A despeito da divergência do Ministro Marco Aurélio, prevaleceu a tese de que é possível que a investigação seja feita pelo próprio Supremo, na hipótese de omissão da Policia Federal ou do Ministério Público. Nesse sentido, quando o inquérito passou a se direcionar contra as redes bolsonaristas, o atual procurador-geral da República, Augusto Aras, criticou a investigação e pediu a sua suspensão, a despeito de ter agido de maneira diferente em outubro do ano passado, quando se manifestou de forma favorável ao procedimento logo após ter assumido o cargo. 

Apesar de os ministros terem votado pela legalidade do inquérito, não se sabe qual será o destino da investigação após o seu término. Isso porque, se o papel da acusação caberia ao Ministério Público, este pode não oferecer qualquer denúncia em razão da discordância com a forma como a investigação começou. Outra hipótese, é que ações relativas aos crimes contra a honra, cujas penas são pequenas, mas os processos podem ser promovidos pelas próprias vítimas, sejam propostas pelos ministros que se sentirem lesados. 

Esse inquérito é mais um capítulo da intensa e complexa vida política do país e demonstra os perigos para a democracia em períodos de crise. Aliás, o partido Rede, autor da ação, voltou atrás no curso do processo e tentou a sua desistência, por passar a entender que a investigação teria se tornado um instrumento de defesa da democracia. Poderia se argumentar que os limites de atuação das instituições deixam de ser claros em momentos como esse, sobretudo em razão da inércia de quem deveria agir, mas os resultados disso podem ser desastrosos. 

A legalidade duvidosa desse inquérito tem servido de argumento aos apoiadores do presidente para justificar boa parte de suas críticas a corte, além de fomentar o discurso de perseguição que faz parte da estratégia de comunicação bolsonarista, cujo objetivo é estimular o desprezo ao sistema democrático e à independência dos poderes. Assim, mesmo quando a situação é diferente, como no caso da investigação que apura a prática de atos antidemocráticos, aberta, esta sim, após provocação da PGR, e em razão do qual alguns militantes de extrema direita foram presos temporariamente, a estratégia de perseguição e vitimização já está posta e sedimentada.

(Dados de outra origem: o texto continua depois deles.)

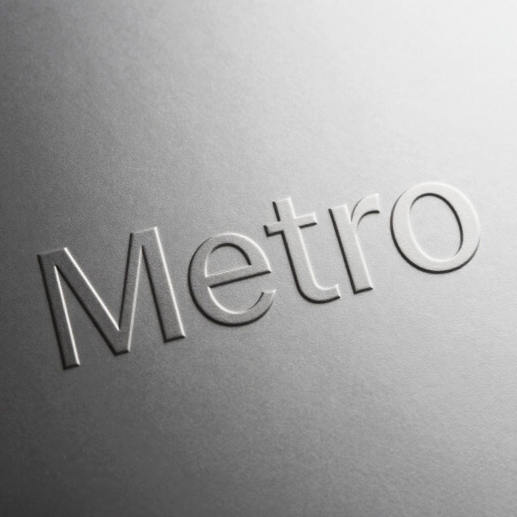 Close-up of Metro font characters embossed on a metallic surface, minimalist design with sharp edges, subtle shadows, elegant monochrome palette, contemporary graphic design setting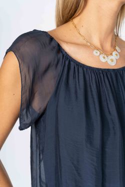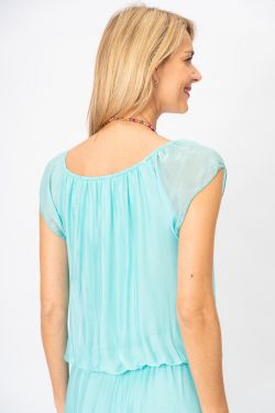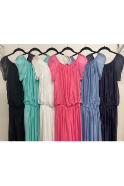 Silk Jumpsuit. Cap sleeve. Elastic waist. Fully lined.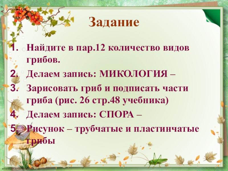 гриб и подписать части гриба (рис. 26 стр.48 учебника)

 É certo que esse método de comunicação - que não se ignora ser anterior e mais amplo que a referida investigação, mas que agora é agravado - também se caracteriza pela inversão do sentido das palavras. Assim, aquele que sempre defendeu o regime autoritário e a morte de opositores, diz que quer armar a população para combater uma eventual ditatura no país. A disseminação de mentiras e notícias falsas pelos portais da extrema direita passam a ser defendidas por eles como mera liberdade de expressão. Inverte-se, assim, todo o sentido das coisas em prol desse projeto de poder. Daí, quando deflagrou-se uma operação de busca e apreensão no referido inquérito, parte dos alvos comparou o ato a práticas da Alemanha nazista, como se o fascismo estivesse do lado de lá, e eles fossem vítimas inocentes e perseguidas.

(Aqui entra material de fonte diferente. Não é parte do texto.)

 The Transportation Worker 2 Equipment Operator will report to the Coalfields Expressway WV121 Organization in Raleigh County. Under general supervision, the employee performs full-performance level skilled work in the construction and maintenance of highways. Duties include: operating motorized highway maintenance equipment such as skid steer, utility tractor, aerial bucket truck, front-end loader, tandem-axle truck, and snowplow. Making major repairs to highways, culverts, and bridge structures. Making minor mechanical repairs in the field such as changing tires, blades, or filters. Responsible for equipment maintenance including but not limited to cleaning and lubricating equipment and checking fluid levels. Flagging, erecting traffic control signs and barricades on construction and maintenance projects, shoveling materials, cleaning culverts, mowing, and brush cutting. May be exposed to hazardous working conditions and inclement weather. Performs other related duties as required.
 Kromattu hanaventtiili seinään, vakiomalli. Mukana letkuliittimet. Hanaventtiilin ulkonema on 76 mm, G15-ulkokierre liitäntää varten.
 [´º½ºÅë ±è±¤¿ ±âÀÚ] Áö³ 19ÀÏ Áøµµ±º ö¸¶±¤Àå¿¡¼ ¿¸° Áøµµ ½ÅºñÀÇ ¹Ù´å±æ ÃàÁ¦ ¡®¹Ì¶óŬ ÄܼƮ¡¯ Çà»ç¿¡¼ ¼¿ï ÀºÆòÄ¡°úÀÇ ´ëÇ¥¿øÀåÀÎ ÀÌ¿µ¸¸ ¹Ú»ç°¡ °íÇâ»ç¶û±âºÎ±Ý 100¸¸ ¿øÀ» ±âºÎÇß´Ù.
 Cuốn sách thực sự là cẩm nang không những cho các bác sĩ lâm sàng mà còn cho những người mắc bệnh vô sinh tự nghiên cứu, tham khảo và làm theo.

Por isso é perigoso que a realidade de munição a esse discurso de fantasia e torne factível essa narrativa, ajudando em sua disseminação. A necessidade de reação das instituições em defesa da democracia, que por vezes é tímida diante do descalabro dos atos praticados pelo chefe do Poder Executivo e seu entourage, não pode vir através de atos ou procedimentos ilegais, os quais colaboram para aumentar ainda mais o descrédito institucional perante a sociedade. O sistema prevê mecanismos para se preservar e combater o anseio autoritário de alguns, que deveriam ser acionados mesmo que isso provoque uma reação desmedida por aqueles que se vejam atingidos e descontentes, mas certamente ainda assim são preferíveis que a pretensão de combater o arbítrio e a ilegalidade com a mesma postura. 

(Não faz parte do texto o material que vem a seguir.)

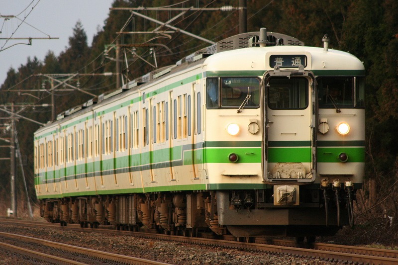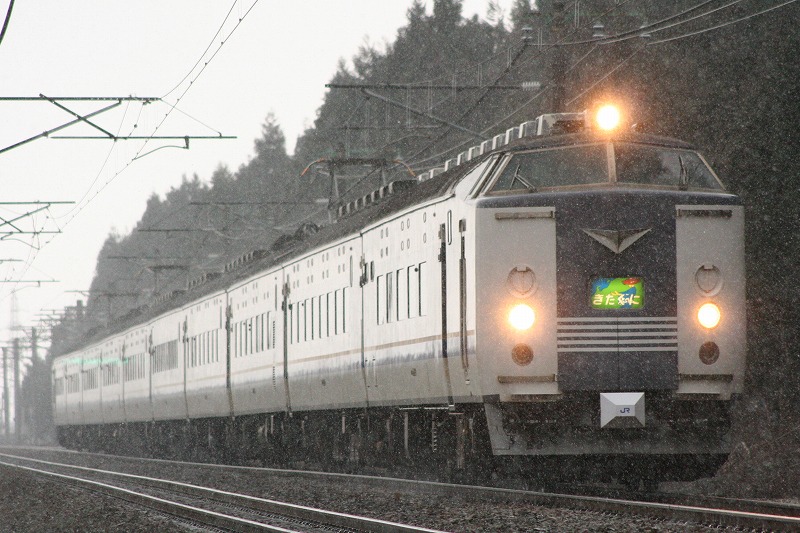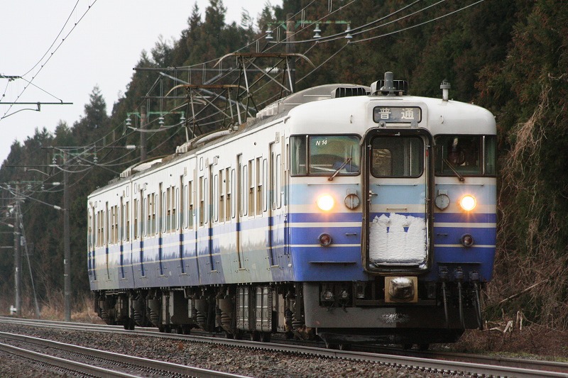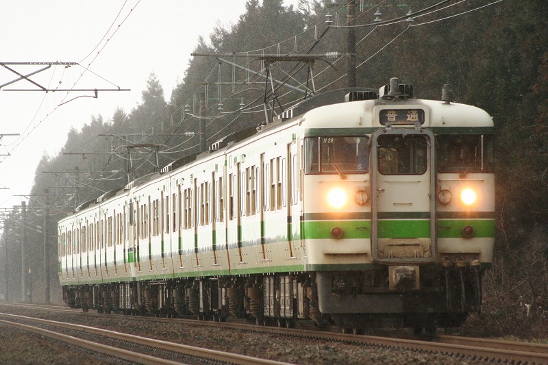 きたぐにが通過すると、雪は収まってきました。でも、115系には雪が。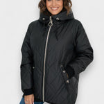 Den høje krave og hætte beskytter mod vind, mens ribkanten holder varmen inde. Den smidige lynlås gør påklædningen let og afspejler det omhyggelige detaljefokus, som kendetegner Elara.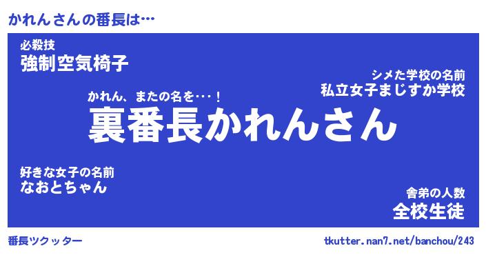 | ヒーロー風カッコイイあだ名 | 『スーパーカレン』『ウルトラかれんマン』 |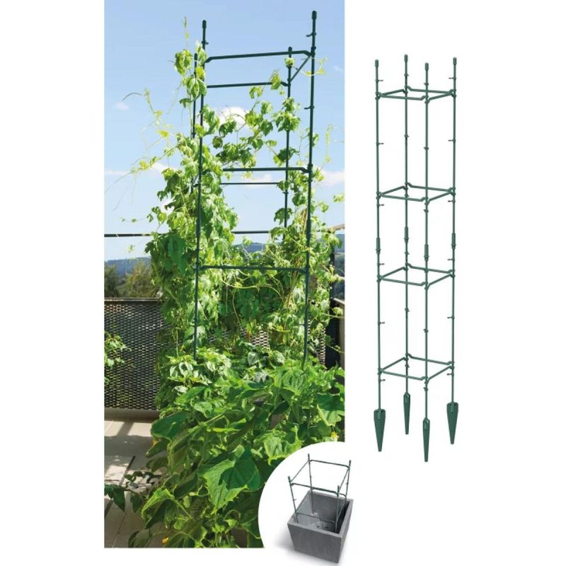 Donice są w pełni kompatybilne z podporami FLOO SUPPORTS marki Prosperplast, co umożliwia stabilny wzrost roślin pnących. Dzięki temu pomidory, fasola czy pnące kwiaty mają odpowiednie podparcie, co zapobiega ich łamaniu się i poprawia cyrkulację powietrza wokół roślin. To praktyczne rozwiązanie sprawia, że donice świetnie sprawdzą się zarówno w domowej uprawie warzyw, jak i w estetycznych kompozycjach roślinnych na tarasach, balkonach i w ogrodach.
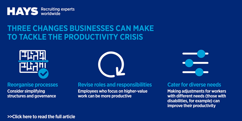 Pressure on productivity has seen many businesses try to squeeze more output per hour – but according to recruiting experts Hays, now is the time to explore other approaches.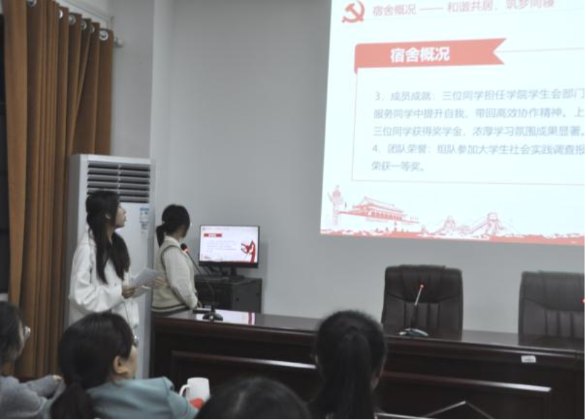 员工党员代表王晓晶、雷佳欣分享优秀宿舍文化建设心得。她们表示宿舍是第二家园,“党员宿舍”门牌时刻提醒自己牢记党员身份,将继续发扬优秀宿舍优良传统,以身作则建设好党员宿舍,由点带面促进整体精神文明建设。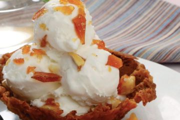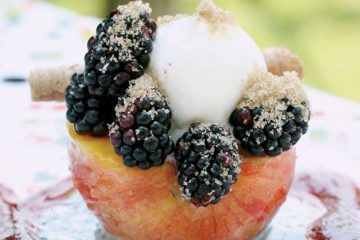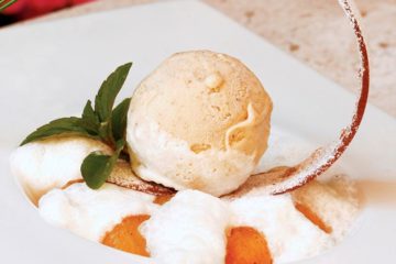 Tarçınlı dondurmalı ve lor peynirli köpüklü şeftali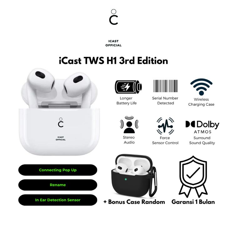 【DP 0%】iCast TWS 3rd Edition Wireless Charging Case TWS Bluetooth [Free Silicone Case]

O que não pode é que certos mecanismos permaneçam sendo peça decorativa, como por exemplo o Conselho de Ética da Câmara dos Deputados que não caça deputado que atenta claramente contra o regime, como é o caso do filho do presidente que já falou em ruptura do sistema por mais de uma vez. As reações podem ser fortes e enérgicas, mas sempre em observância a Constituição e as leis. O antídoto ao veneno não pode ser mais veneno.